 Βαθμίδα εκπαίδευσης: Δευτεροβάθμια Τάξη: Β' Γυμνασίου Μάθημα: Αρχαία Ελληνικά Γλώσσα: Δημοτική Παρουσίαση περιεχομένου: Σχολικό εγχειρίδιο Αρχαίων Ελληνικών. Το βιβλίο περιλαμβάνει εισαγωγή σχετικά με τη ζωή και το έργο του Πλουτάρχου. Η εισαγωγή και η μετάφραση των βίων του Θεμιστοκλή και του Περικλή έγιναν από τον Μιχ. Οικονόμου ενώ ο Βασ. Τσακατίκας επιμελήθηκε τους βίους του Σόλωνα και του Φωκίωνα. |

* * *

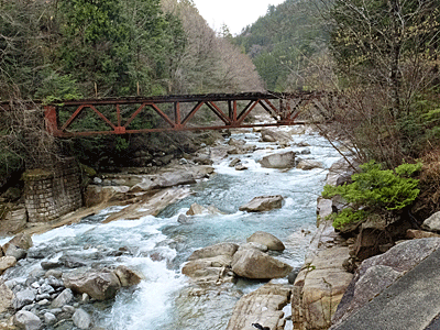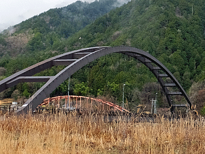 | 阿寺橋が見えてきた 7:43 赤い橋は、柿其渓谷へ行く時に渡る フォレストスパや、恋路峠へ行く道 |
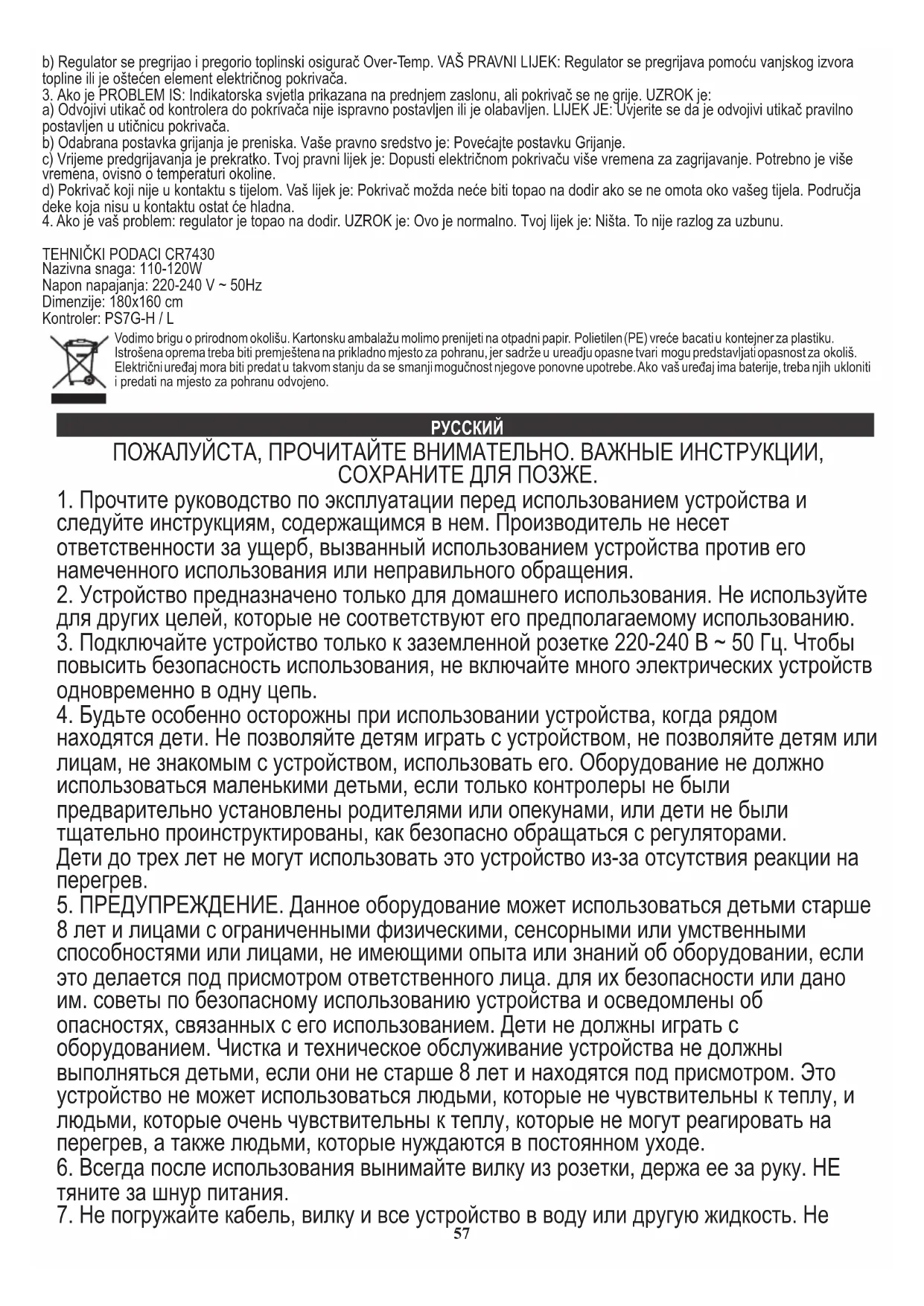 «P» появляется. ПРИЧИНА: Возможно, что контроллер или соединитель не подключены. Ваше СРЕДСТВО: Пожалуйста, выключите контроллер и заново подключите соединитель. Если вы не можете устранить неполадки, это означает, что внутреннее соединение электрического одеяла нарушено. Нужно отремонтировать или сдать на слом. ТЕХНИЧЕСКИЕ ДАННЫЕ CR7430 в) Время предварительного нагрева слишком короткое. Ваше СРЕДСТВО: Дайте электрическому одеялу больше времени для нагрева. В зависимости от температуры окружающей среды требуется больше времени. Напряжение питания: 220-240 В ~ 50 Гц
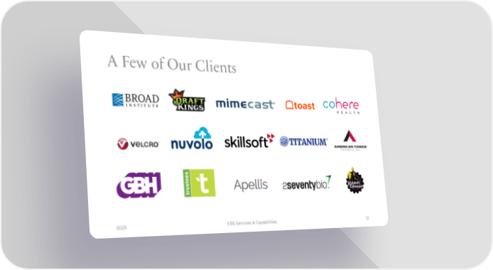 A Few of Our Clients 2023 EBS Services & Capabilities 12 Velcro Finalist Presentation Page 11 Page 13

What needs to be done
For this task, return exactly the stretch of the listing above from the line with "赤い橋は、柿其渓谷へ行く時に渡る フォレストスパや、恋路峠へ行く道 |" through the line with "A Few of Our", inclusive and without pictures.

Written reply
 | 阿寺橋が見えてきた 7:43 赤い橋は、柿其渓谷へ行く時に渡る フォレストスパや、恋路峠へ行く道 |
 «P» появляется. ПРИЧИНА: Возможно, что контроллер или соединитель не подключены. Ваше СРЕДСТВО: Пожалуйста, выключите контроллер и заново подключите соединитель. Если вы не можете устранить неполадки, это означает, что внутреннее соединение электрического одеяла нарушено. Нужно отремонтировать или сдать на слом. ТЕХНИЧЕСКИЕ ДАННЫЕ CR7430 в) Время предварительного нагрева слишком короткое. Ваше СРЕДСТВО: Дайте электрическому одеялу больше времени для нагрева. В зависимости от температуры окружающей среды требуется больше времени. Напряжение питания: 220-240 В ~ 50 Гц
 A Few of Our Clients 2023 EBS Services & Capabilities 12 Velcro Finalist Presentation Page 11 Page 13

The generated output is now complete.